The United States struck another small boat accused of carrying drugs in the waters off Venezuela, killing six people, President Trump said Tuesday. Those who died in the strike were aboard the vessel, and no US forces were harmed, Trump said in a Truth Social post. It's the fifth deadly strike in the Caribbean as Trump's administration has asserted it is treating alleged drug traffickers as unlawful combatants who must be met with military force. Defense Secretary Pete Hegseth ordered the strike Tuesday morning, said Trump, who released a video of it. Hegseth later shared the video in a post on X.

Trump said the strike was conducted in international waters "just off the coast of Venezuela" and "intelligence" confirmed the vessel was trafficking narcotics, was associated with "narcoterrorist networks" and was on a known drug trafficking route.

  • Frustration with the Trump administration has been growing on Capitol Hill among members of both major political parties, the AP reports. Some Republicans are seeking more information from the White House on the legal justification and details of the strikes. Democrats contend the strikes violate US and international law. The Senate last week voted on a war powers resolution that would have barred the Trump administration from conducting the strikes unless Congress specifically authorized them, but it failed to pass.

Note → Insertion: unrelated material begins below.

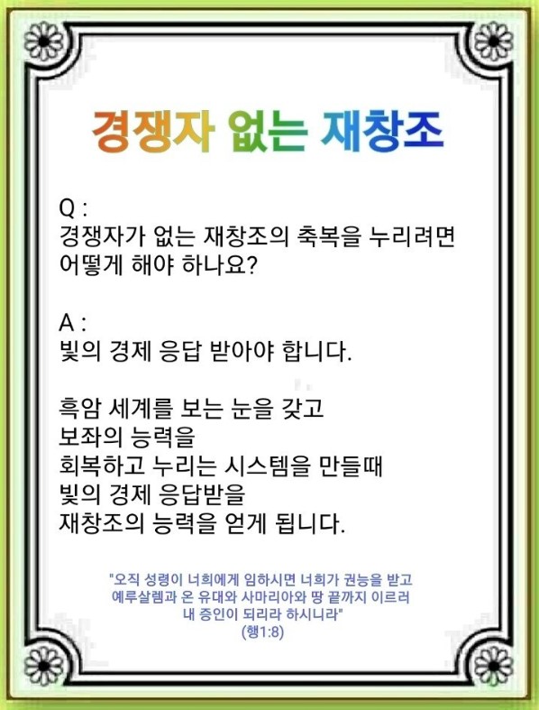 우리는 경쟁자가 없는 재창조의 축복을 누려야 됩니다. 불신자들은 무조건 돈만 벌면 된다고 생각합니다. 이것은 혼란 경제입니다. 그런데 자세히 보면 이념 경제입니다. 교회를 포함한 종교단체는 3단체를 따라가는 노예 경제입니다. 이때 렘넌트의 경제는 빛의 경제, 재창조의 경제여야 합니다. 이것을 렘넌트에게 바르게 가르쳐 주려면 세 가지를 봐야 합니다.

In a memo to Congress. the Trump administration said it had "determined that the United States is in a non-international armed conflict with these designated terrorist organizations" and that Trump directed the Pentagon to "conduct operations against them pursuant to the law of armed conflict." The Trump administration has yet to provide underlying evidence to lawmakers proving that the boats targeted by the US military in a series of fatal strikes were in fact carrying narcotics, according to two US officials who were not authorized to comment publicly and spoke to the AP on the condition of anonymity.